Today, I approach community engagement through the eyes of a teacher who has a goal to salute the district’s reading scores and how what we do in reading is not possible without the community. Two weeks ago, I wrote that English/Language Arts is the glue that holds together our school system’s STEAM (Science, Technology, Engineering, Arts, and Mathematics) focus. How is the community involved in that?
Research shows that students take in the foundation of their language skills between 2 and 4. During that time of early brain development, the flexibility of the brain cell capacity establishes. If a student can learn two languages at once, the concept of language is much more flexible to children, and the possibility of what a language is much greater. The growth of the brain in language skills is why the pre-school program we offer here at Kadoka Area is essential to our growth as a district in our pursuit of serving our community’s workforce. Preschool establishes students’ ability to communicate in the jobs we need to function as a society.
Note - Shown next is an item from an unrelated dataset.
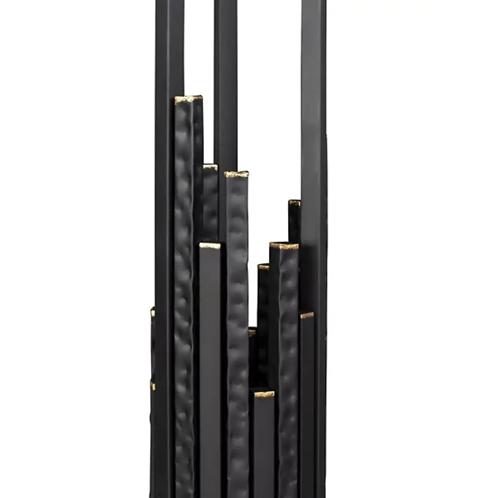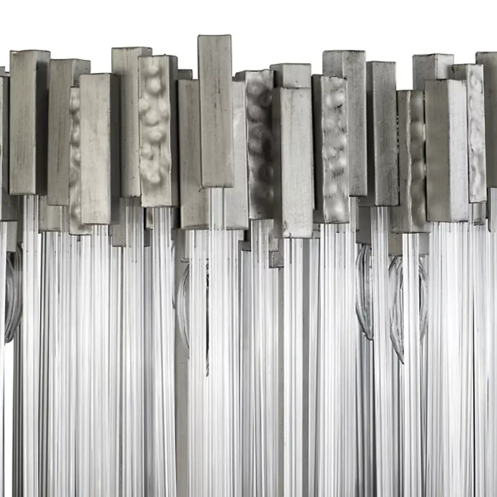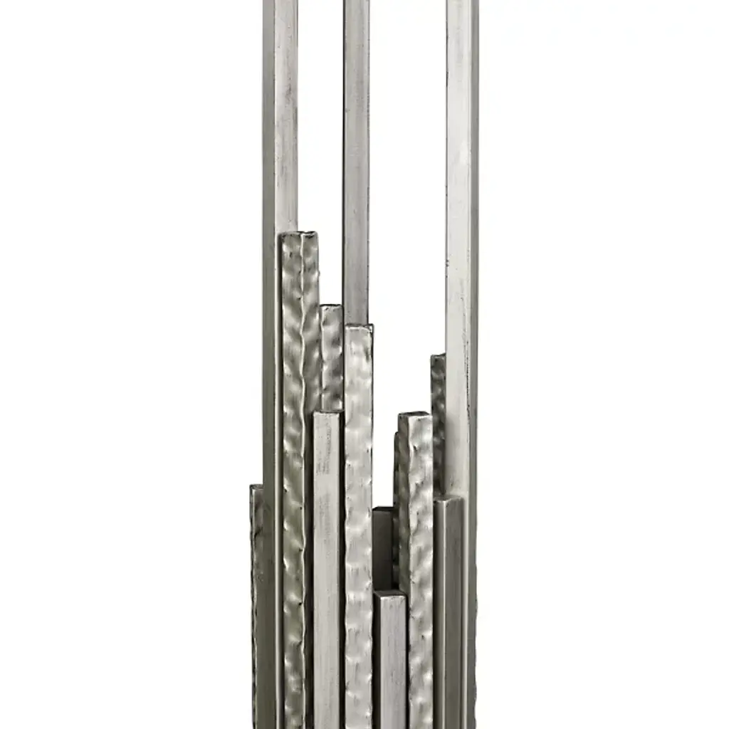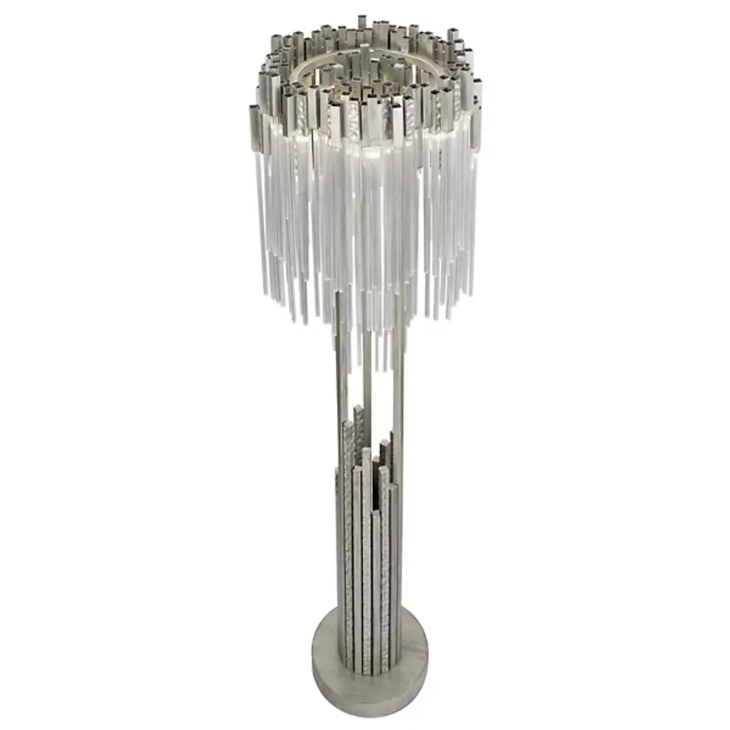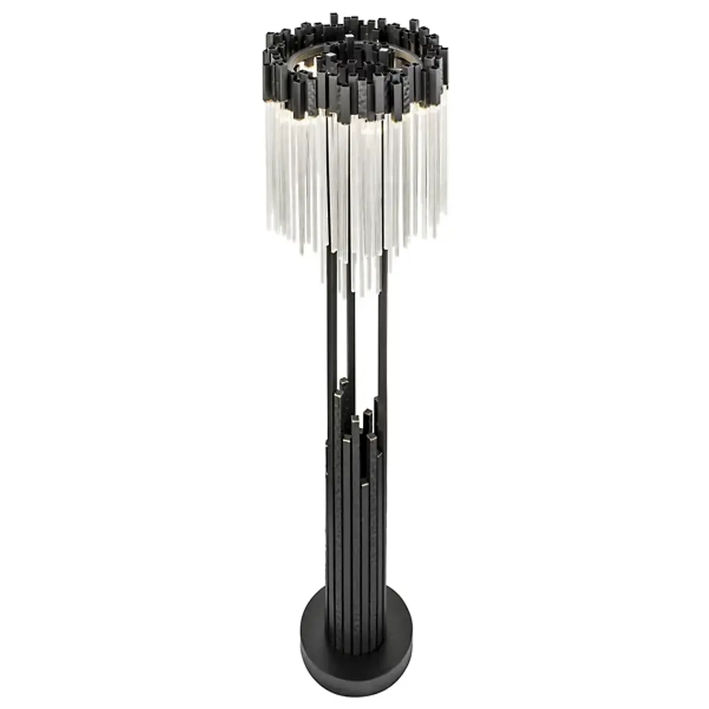 The Matrix Floor Lamp from Varaluz is designed by Ron Henderson. Crafted from hand-forged recycled steel, this sustainable expression of contemporary style is an artful statement piece. The fluted clear glass rods adorning the shade add an elegant touch to the lamp's aesthetic. Illuminate your space with brilliant LEDs that are dimmable when paired with a separately sold ELV dimmer. Capturing the glamorous look of the '70s, this lamp boasts randomly hammered design elements that showcase the drama of a cityscape.

We rely on the community providing these early language skills for ages 2 and 3 before we reach them at age 4. According to this data, we are a school district with a nearly 50% native population, and a child in a home that speaks both Lakota and English languages is much better served in picking up all the subjects of our STEAM cores. Also, maybe a mother in an English-speaking home teaches their child early to sign what they want before speech is developed. This small commitment by the parents to building language at young ages has a substantial developmental impact on the child because the idea of a language being only English is not cemented for the child. They will be open to new vocabulary for the rest of their life. As a high school principal, I look for a curriculum that provides a strong vocabulary background in every subject. Still, the ability to receive that vocabulary is established far before I ever meet the student, and as I just wrote, it could have been as young as the age of 2.
Further, I was not taught a second language growing up on my family farm and ranch. However, regularly I rode and did chores with my family members as we fed cattle and worked on the ground. The amount of new vocabulary I learned each day set the stage for my success in school because of the enormous language I developed on my time on the farm. Not only had I learned a significant set of words, but I had experienced them. Again, this salutes the farmers and ranchers out there who talk to their young grandchild/child in the tractor about things like ‘calving,’ ‘bales,’ and ’tillage. Research shows small children between the ages of 2 and 5 will never lose what you gave them during their precious time on the range, experiencing a set of vocabulary skills that will serve them well, even if they don’t go into the family business.
In conclusion, I hope you better understand how our community plays a prominent role in establishing the support for our reading scores, how you as a reader, a potential influence on a child, in our system have made a difference in building our students and how that can continue going forward. We at Kadoka School cannot succeed without the support of our community on all levels. My goal for this column, once again, is to thank you for that support over the years, and we look forward to that happening in the future.